- [The task] Exclude the pictures and transcribe the rest of the data below exactly.
===== Study material
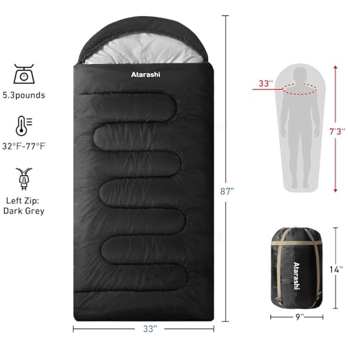 Atarashi Camping Sleeping Bag- 4 Seasons for Adults, Light, Warm, Extra-Large with Compression Sack- Great for Hiking, Backpacking & Outdoor Adventures
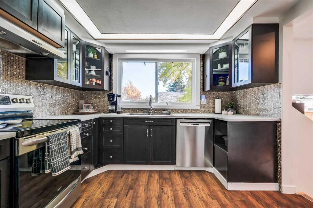 Welcome to this modern bungalow on an OVERSIZED PRIVATE BACKYARD/CORNER LOT on a tree lined street in Queensland - close to Schools, Shopping, Public Transit, Playgrounds and Parks. This home has been well cared for over the years, including a new roof (2013), attic & wall insulation (2016), windows/ siding/ doors (2016), garage door & opener (2013), hot water tank (2025), fridge (2019), stove (2021), and dishwasher (2021). The spacious 1200 sq ft main level features an updated kitchen with countertops/cupboards, tile work and newer stainless steel appliances, that is next to the sunny living room with upgraded flooring. The large master bedroom retreat has its own half bathroom while the other two bedrooms are a generous size and conveniently located next to the main floor full bathroom that has also been updated. The large sunny backyard is completed with a new fence, and has potential for RV parking, a double detached insulated garage and a massive (11'6"x7'3") insulated storage shed. This home has prime location near both Haultain Memorial School and Wilma Hansen school, dog parks, green space, and steps to pathways and river views.
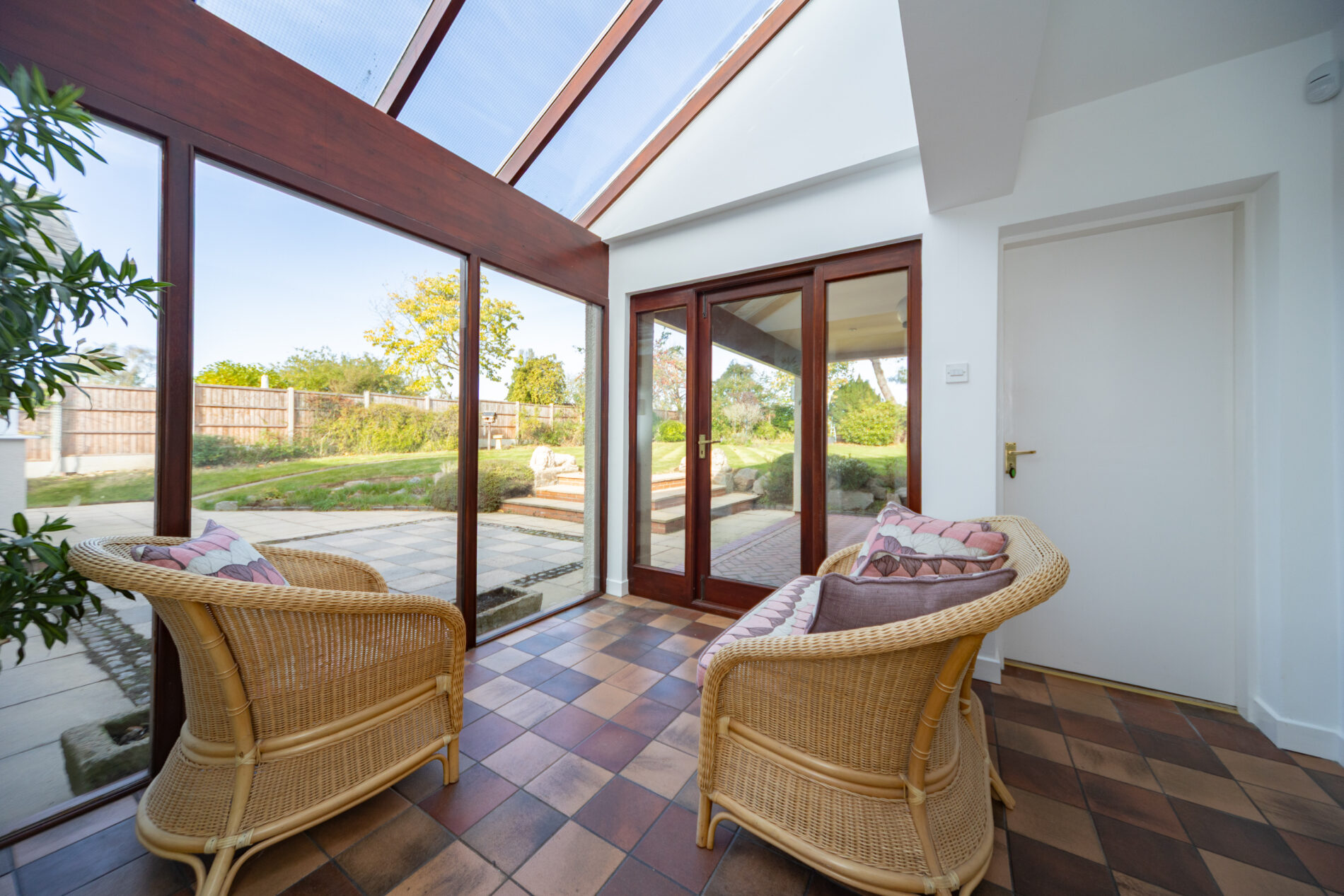 The hardwood conservatory has power points, wall lighting and french doors to both front and rear leading to the garden and to a useful side courtyard space which connects to the garage.
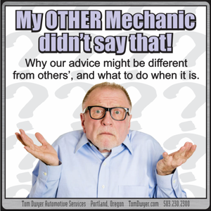 It would be unfair either to expect a blank check for diagnostic time or to charge you for time we don’t use. (Portland auto repair icon Harold Dick prospered for 40 years under a different model; he’d fix your car, you’d pay whatever he said, and if you didn’t like it he’d never touch your car again.) If we see the need for diagnostic time WE’LL TELL YOU HOW MUCH WE EXPECT CLEARLY AND IN ADVANCE, and if we need to go further we will CALL YOU FIRST. If we didn’t use all the time you authorized we’ll adjust your bill appropriately. Yes, we need to be paid, but no, we don’t need or want to be abusive about it.
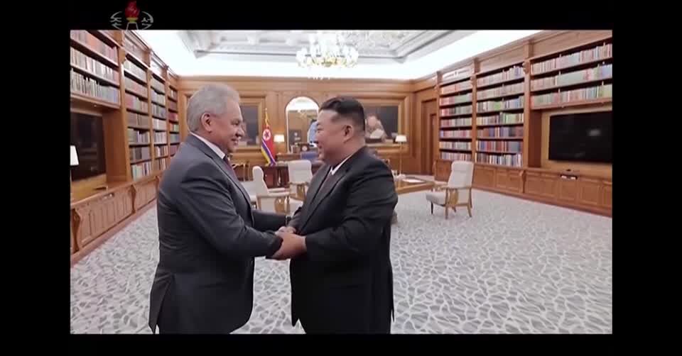 โซล 5 มิ.ย. – สถานีโทรทัศน์เคอาร์ที ของทางการเกาหลีเหนือ ในวันนี้เผยแพร่ภาพของนายคิม จองอึน ผู้นำสูงสุดของเกาหลีเหนือ พบกับนายเซอร์เก ชอยกู เลขาธิการสภาความมั่นคงของรัสเซีย ที่กรุงเปียงยางของเกาหลีเหนือ ในวันพุธ
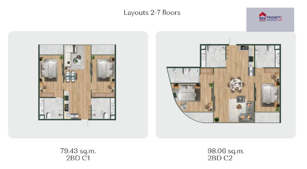 2 Bedroom (79.4β98.1 sq.m.): 14 units total (Type C-1, C-2)
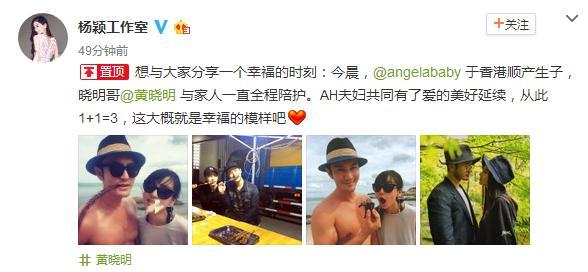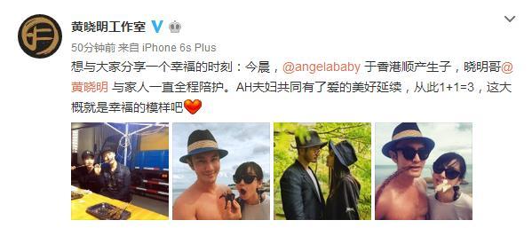 人民网北京1月17日电 (艾雯) 今天,在香港待产的Angelababy通过工作室传来喜讯:“今晨,Angelababy于香港顺产生子,与家人一直全程陪护。AH夫妇共同有了爱的美好延续,从此1+1=3,这大概就是幸福的模样吧。”黄晓明工作室也同时报喜。网友纷纷点赞送上祝福。
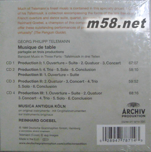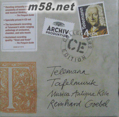 價格為估,以實到貨為準! Telemann:Tafelmusik泰雷曼 巴洛克時期宴席音樂(m58.net) ☉戈貝爾指揮 / 柯隆古樂團 「宴席音樂」是十六、十七世紀歐洲特有的一種音樂型式,用途是在宴會、戶外活動時,當成背景音樂使用,當時許多作曲家都創作有「宴席音樂」。而在巴洛克時期的「宴席音樂」里,泰雷曼的作品公認是最受歡迎,至今,幾乎「泰雷曼」與「宴席音樂」已經成了同義詞。泰雷曼是一位多產的作曲家。在他為數眾多的作品里,又以協奏曲為最大宗。雖然在有生之年里,泰雷曼因為率先密切結合音樂商業,甚至在自己的樂譜印上廣告詞而迭遭衛道人士指責批評,但是,他們都無法否定泰雷曼作品中流暢嫻熟的技巧與音樂的魅力。 在戈貝爾與柯隆古樂團的錄音里,泰雷曼一直佔有極重要的份量。由於柯隆古樂團的音樂家素質非常高,演奏效果自然非同一般。他們帶給泰雷曼的作品生動迷人的活力,但是又不會顯得浮夸,並且刻畫樂曲的結構與對比性及豐富度。
==========
- [Exercise response]
 Atarashi Camping Sleeping Bag- 4 Seasons for Adults, Light, Warm, Extra-Large with Compression Sack- Great for Hiking, Backpacking & Outdoor Adventures
 Welcome to this modern bungalow on an OVERSIZED PRIVATE BACKYARD/CORNER LOT on a tree lined street in Queensland - close to Schools, Shopping, Public Transit, Playgrounds and Parks. This home has been well cared for over the years, including a new roof (2013), attic & wall insulation (2016), windows/ siding/ doors (2016), garage door & opener (2013), hot water tank (2025), fridge (2019), stove (2021), and dishwasher (2021). The spacious 1200 sq ft main level features an updated kitchen with countertops/cupboards, tile work and newer stainless steel appliances, that is next to the sunny living room with upgraded flooring. The large master bedroom retreat has its own half bathroom while the other two bedrooms are a generous size and conveniently located next to the main floor full bathroom that has also been updated. The large sunny backyard is completed with a new fence, and has potential for RV parking, a double detached insulated garage and a massive (11'6"x7'3") insulated storage shed. This home has prime location near both Haultain Memorial School and Wilma Hansen school, dog parks, green space, and steps to pathways and river views.
 The hardwood conservatory has power points, wall lighting and french doors to both front and rear leading to the garden and to a useful side courtyard space which connects to the garage.
 It would be unfair either to expect a blank check for diagnostic time or to charge you for time we don’t use. (Portland auto repair icon Harold Dick prospered for 40 years under a different model; he’d fix your car, you’d pay whatever he said, and if you didn’t like it he’d never touch your car again.) If we see the need for diagnostic time WE’LL TELL YOU HOW MUCH WE EXPECT CLEARLY AND IN ADVANCE, and if we need to go further we will CALL YOU FIRST. If we didn’t use all the time you authorized we’ll adjust your bill appropriately. Yes, we need to be paid, but no, we don’t need or want to be abusive about it.
 โซล 5 มิ.ย. – สถานีโทรทัศน์เคอาร์ที ของทางการเกาหลีเหนือ ในวันนี้เผยแพร่ภาพของนายคิม จองอึน ผู้นำสูงสุดของเกาหลีเหนือ พบกับนายเซอร์เก ชอยกู เลขาธิการสภาความมั่นคงของรัสเซีย ที่กรุงเปียงยางของเกาหลีเหนือ ในวันพุธ
 2 Bedroom (79.4β98.1 sq.m.): 14 units total (Type C-1, C-2)
 人民网北京1月17日电 (艾雯) 今天,在香港待产的Angelababy通过工作室传来喜讯:“今晨,Angelababy于香港顺产生子,与家人一直全程陪护。AH夫妇共同有了爱的美好延续,从此1+1=3,这大概就是幸福的模样吧。”黄晓明工作室也同时报喜。网友纷纷点赞送上祝福。
 價格為估,以實到貨為準! Telemann:Tafelmusik泰雷曼 巴洛克時期宴席音樂(m58.net) ☉戈貝爾指揮 / 柯隆古樂團 「宴席音樂」是十六、十七世紀歐洲特有的一種音樂型式,用途是在宴會、戶外活動時,當成背景音樂使用,當時許多作曲家都創作有「宴席音樂」。而在巴洛克時期的「宴席音樂」里,泰雷曼的作品公認是最受歡迎,至今,幾乎「泰雷曼」與「宴席音樂」已經成了同義詞。泰雷曼是一位多產的作曲家。在他為數眾多的作品里,又以協奏曲為最大宗。雖然在有生之年里,泰雷曼因為率先密切結合音樂商業,甚至在自己的樂譜印上廣告詞而迭遭衛道人士指責批評,但是,他們都無法否定泰雷曼作品中流暢嫻熟的技巧與音樂的魅力。 在戈貝爾與柯隆古樂團的錄音里,泰雷曼一直佔有極重要的份量。由於柯隆古樂團的音樂家素質非常高,演奏效果自然非同一般。他們帶給泰雷曼的作品生動迷人的活力,但是又不會顯得浮夸,並且刻畫樂曲的結構與對比性及豐富度。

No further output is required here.